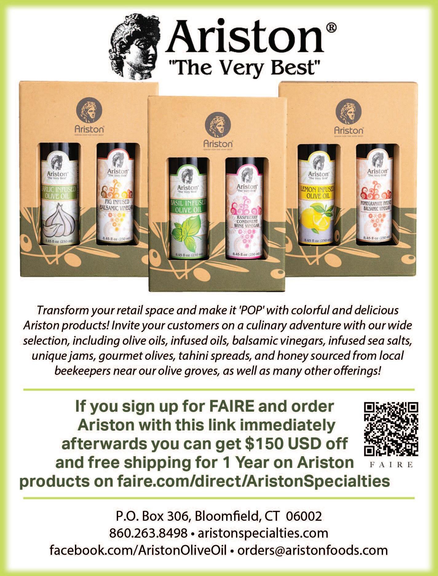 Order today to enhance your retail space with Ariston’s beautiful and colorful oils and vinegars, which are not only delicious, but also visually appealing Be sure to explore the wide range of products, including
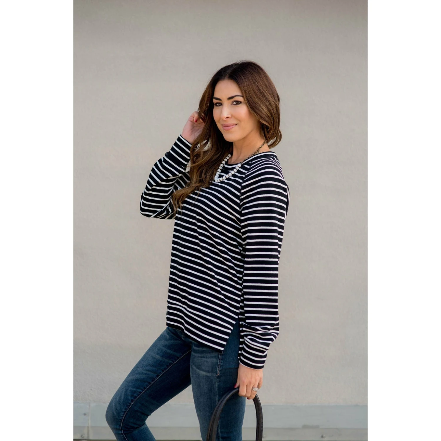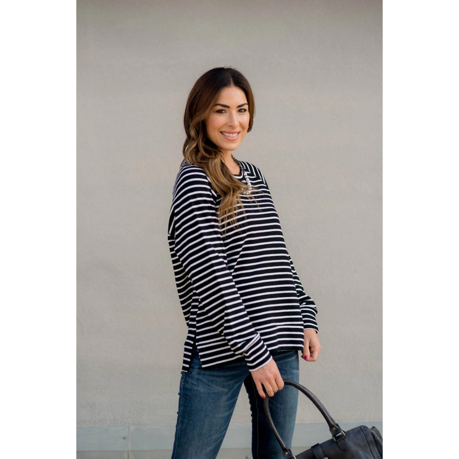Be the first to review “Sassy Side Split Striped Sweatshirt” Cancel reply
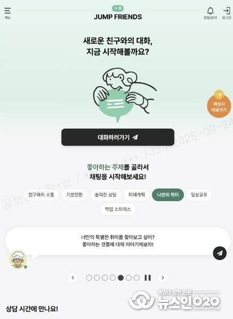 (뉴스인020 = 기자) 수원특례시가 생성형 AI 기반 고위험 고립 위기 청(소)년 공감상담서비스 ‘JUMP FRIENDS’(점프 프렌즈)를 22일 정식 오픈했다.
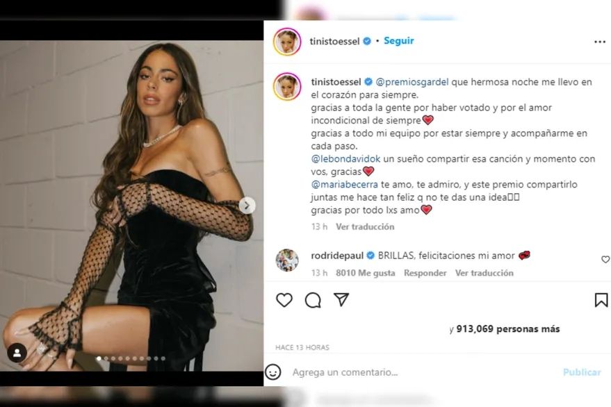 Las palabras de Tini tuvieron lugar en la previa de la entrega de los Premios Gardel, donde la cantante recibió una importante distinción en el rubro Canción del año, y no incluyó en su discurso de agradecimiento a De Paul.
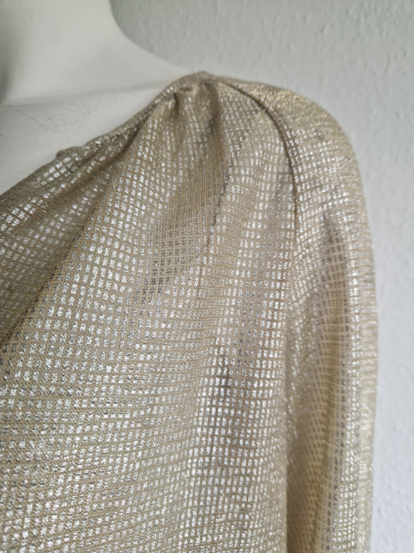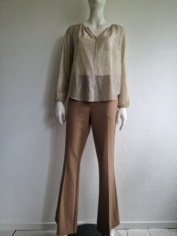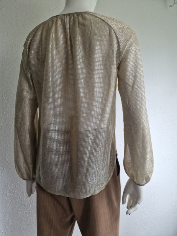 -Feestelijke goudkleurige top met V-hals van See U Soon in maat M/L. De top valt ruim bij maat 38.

• • •

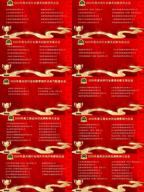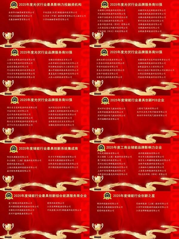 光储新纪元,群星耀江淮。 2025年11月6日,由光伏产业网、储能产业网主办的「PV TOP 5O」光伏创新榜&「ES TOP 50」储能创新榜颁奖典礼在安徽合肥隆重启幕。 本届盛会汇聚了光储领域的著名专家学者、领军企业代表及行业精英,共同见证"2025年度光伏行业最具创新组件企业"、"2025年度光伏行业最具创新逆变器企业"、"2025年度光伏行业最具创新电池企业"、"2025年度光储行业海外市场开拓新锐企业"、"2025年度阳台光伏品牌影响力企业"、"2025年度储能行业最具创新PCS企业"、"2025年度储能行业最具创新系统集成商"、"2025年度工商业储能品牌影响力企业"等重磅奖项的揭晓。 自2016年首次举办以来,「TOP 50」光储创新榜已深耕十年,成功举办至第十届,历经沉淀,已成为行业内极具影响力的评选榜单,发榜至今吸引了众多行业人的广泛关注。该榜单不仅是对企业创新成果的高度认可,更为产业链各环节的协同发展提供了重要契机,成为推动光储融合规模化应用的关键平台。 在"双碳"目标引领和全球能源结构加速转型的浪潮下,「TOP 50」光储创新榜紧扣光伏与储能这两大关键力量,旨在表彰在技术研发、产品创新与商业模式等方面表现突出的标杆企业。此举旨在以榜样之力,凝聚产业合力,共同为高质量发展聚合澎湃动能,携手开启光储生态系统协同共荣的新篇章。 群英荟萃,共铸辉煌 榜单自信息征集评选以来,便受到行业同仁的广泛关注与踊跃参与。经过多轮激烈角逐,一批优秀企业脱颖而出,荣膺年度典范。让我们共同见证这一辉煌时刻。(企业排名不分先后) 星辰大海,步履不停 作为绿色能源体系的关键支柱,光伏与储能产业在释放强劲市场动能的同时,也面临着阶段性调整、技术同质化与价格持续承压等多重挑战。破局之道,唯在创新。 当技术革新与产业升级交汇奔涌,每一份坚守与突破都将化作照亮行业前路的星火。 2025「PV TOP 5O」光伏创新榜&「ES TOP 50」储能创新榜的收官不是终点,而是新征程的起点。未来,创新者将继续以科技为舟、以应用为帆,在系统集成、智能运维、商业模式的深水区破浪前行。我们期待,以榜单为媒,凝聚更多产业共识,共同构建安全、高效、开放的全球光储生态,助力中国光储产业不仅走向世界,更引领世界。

• • •

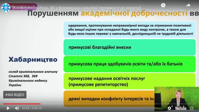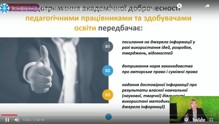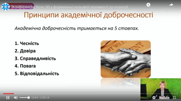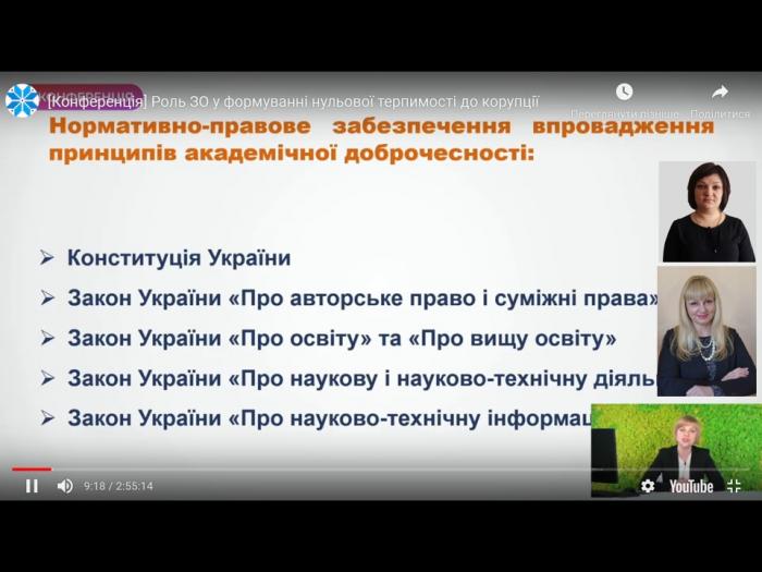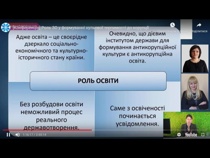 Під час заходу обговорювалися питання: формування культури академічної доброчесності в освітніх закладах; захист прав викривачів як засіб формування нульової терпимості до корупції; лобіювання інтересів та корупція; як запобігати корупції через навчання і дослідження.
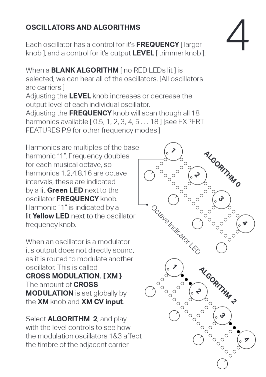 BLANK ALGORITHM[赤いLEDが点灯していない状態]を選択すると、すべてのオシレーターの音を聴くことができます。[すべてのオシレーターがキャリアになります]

• • •

### YOUR TASK
Range to copy from the records above: the line containing "Під час заходу" to the line containing "BLANK ALGORITH", both included. Output those lines exactly and only those, skipping pictures.

### ANSWER TO THE EXERCISE
 Під час заходу обговорювалися питання: формування культури академічної доброчесності в освітніх закладах; захист прав викривачів як засіб формування нульової терпимості до корупції; лобіювання інтересів та корупція; як запобігати корупції через навчання і дослідження.
 BLANK ALGORITHM[赤いLEDが点灯していない状態]を選択すると、すべてのオシレーターの音を聴くことができます。[すべてのオシレーターがキャリアになります]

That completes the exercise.